Valvular heart disease is a major cause of cardiovascular morbidity and mortality with a prevalence of 2.5% in the developed countries, growing to more than 14% in patients aged 75 years and older.1 When severe, valve replacement is the only treatment. Currently, there are an estimated 200,000 aortic valve replacements annually worldwide, a number that is expected to grow with increasing life expectancy and the introduction of transcatheter aortic valve replacement (TAVR), which stands to redefine the risk/benefit threshold of intervention.2 The ability to perform valve-in-valve procedures reduces the morbidity of repeated procedures3 enabling bioprosthetic implantation in younger patients while avoiding the use of mechanical valves and life-long anticoagulant therapy.

Whereas the new advances in surgical technology such as TAVR have allowed improving the efficiency and safety of implantation of valve bioprostheses, the tissue engineering to prepare the valve for implantation has been consigned to glutaraldehyde-fixed pericardium (GAP) from humans or pigs for over 50 years.4 The main problem of using GAP are the lack of the bioactive properties of a heart valve and the appearance of a progressive process of calcification leading to structural valve deterioration and loss of function over time.5,6 Interfering with the process of calcification is extremely relevant especially in children and young patients where valve longevity is crucial.7 Calcification of the valve is now understood to be an active process that involves the coordinated actions of endothelial and fibroblastic cell types, circulating inflammatory and immune cells, and bone marrow-derived cells.8-11 Repopulation and regeneration are the two main current approaches in tissue engineering to attempt to recover the bioactive properties of the heart valve.12 A heart valve is repopulated when the patient’s cells repopulate an implanted decellularized porcine aortic valve.12 A heart valve is regenerated when an implanted resorbable matrix with patient’s cells and connective tissue proteins remodels in vivo, resulting in a functional valve.12 However, long-term implantation studies with decellularized heart valves and acellular valves seeded with cells before implantation show tissue overgrowth, infiltration of inflammatory cells, and dilatation.13-14 There remains the challenge to obtain valve leaflets keeping the mechanical properties of GAP but also complemented with a recovery of the versatile biological properties of the heart valve.
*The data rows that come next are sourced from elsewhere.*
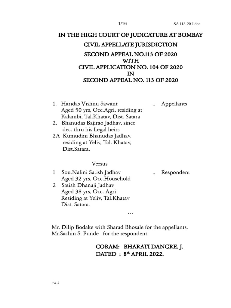 SECOND APPEAL NO. 113 OF 2020
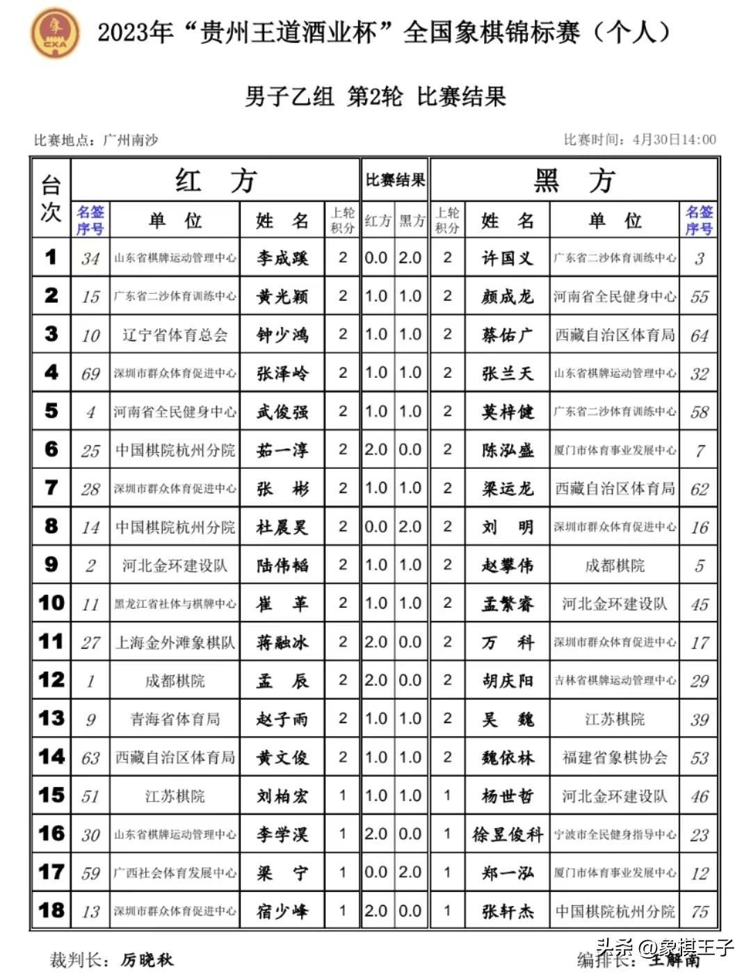 4月30日,2023年全國象棋個人錦標賽男子乙組第2輪比賽在廣州南沙戰罷。孟辰、許國義、茹一淳、劉明、蔣融冰,五人奪得二連勝領先。孟繁睿後手戰平崔革,1勝1平。萬科不敵蔣融冰,遭遇首敗。
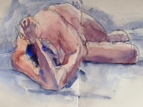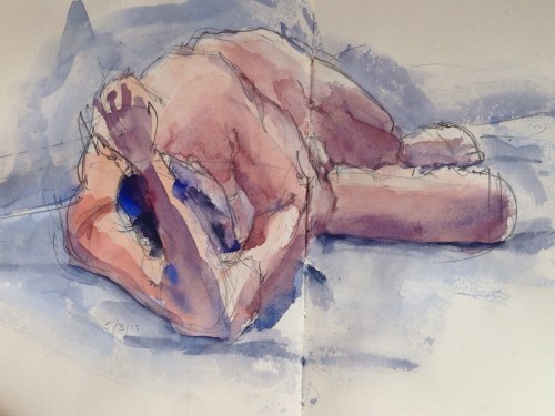 This is a half-hour traditional-media pencil and gouache sketch in my 5 x 8 Moleskin, with a little digital finish thrown in. In the original, the model's left arm didn't read right. So for the first time ever, I took a picture of the painting with my iPad camera, imported the image into the Procreate app I use for drawing, and touched up the arm. Okay, the arm's still a little too big (now that we're dissecting), but it does read better now as a complete arm, imho. Here's the original, so you can see if you agree.
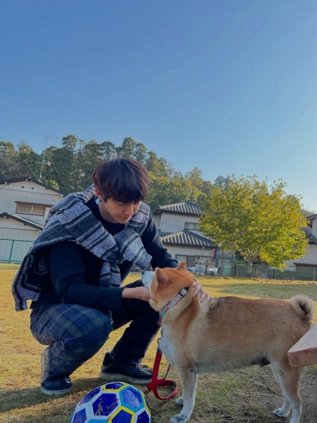 공개된 사진 속에서 광희는 강아지와 잔디밭에서 공놀이를 즐기고 있다.

Endothelial cells form the luminal vascular surface and have a central role in the regulation of the haemostatic balance, coagulation, thrombosis and thrombolysis, vascular tone and growth, and in the local behavior of platelets and leucocytes.15 The damage, the loss or the lack of this vascular endothelial layer has innumerable implications in vascular diseases.16 In physiological conditions, healthy endothelium provides a non-permeable barrier to keep valve interstitial cells (smooth muscle cells, myofibroblasts and fibroblasts) away of circulating growth-promoting factors. Simultaneously, endothelium synthesizes growth-inhibitory factors for valve interstitial cells.16 When endothelium is denuded or absent, such as in GAP, and implanted in substitution of a damaged heart valve, nearby smooth muscle cells might proliferate and migrate freely to the non-endothelialized valve surface. There smooth muscle cells secrete extracellular matrix proteins and attractants of platelets and leucocytes, which release growth factors and cytokines, some of them with osteogenic potential.17 Instructed by this knowledge, we chose to optimize the surface of GAP in order to maximize the endothelialization on the basis of the following design principles: removal of all toxic aldehyde moieties in GAP, enrichment with chondroitin sulfate in a biodegradable scaffold to strongly attract endothelial cells and progenitors, to modulate macrophages, and simultaneously conferring thrombo-resistance. Herein, we engineered GAP using the above design criteria, and achieved to recapitulate the biofunctional nature of a heart valve.

MATERIALS AND METHODS

Harvesting of pig pericardium and fixation with glutaraldehide.

Five male, Yorkshire swine 12–14 weeks of age, were sedated with Telazol (10 mg/kg) and then euthanized. Animal experiments were approved by the Animal Ethics Committee at Massachusetts Institute of Technology, MA, USA. Porcine pericardium was harvested (local abattoir), washed, fixed in 0.65% glutaraldehyde for 2 weeks, and preserved in 0.2 % glutaraldehyde at 4oC. Glutaraldehyde-fixed pericardium (GAP) was selected within a range of thicknesses (250±25um) and washed three times for 5min in saline prior to use. The fixation process was followed by differential scanning calorimetry measurement of shrinkage temperature. Unfixed pericardium and commercial available pericardium were used as fixation controls.

Cell culture.

HAEC and HUVEC were cultured in EBM-2 basal medium LONZA® supplemented with 10% FBS, 1% penicillin-streptomycin, 0.04% hydrocortisone, 0.4% human fibroblast growth factor 2, 0.1% vascular endothelial growth factor, 0.1% R3-insulin-like growth factor-1, 0.1% ascorbic acid, 0.1% human endothelial growth factor, and 0.1% gentamicin-amphotericin 1000. EPC were cultured with EGM-2 supplemented with all supplements in the bullet kit, and 20% FBS. HASMC and THP-1 cells were cultured in Dulbecco Modified Eagle Medium (DMEM) supplemented with 10% heat inactivated FBS. Cells were fed every 48h and incubated in a humidified incubator at 37°C and 5% C02. All cells were used between passages 3 to 5.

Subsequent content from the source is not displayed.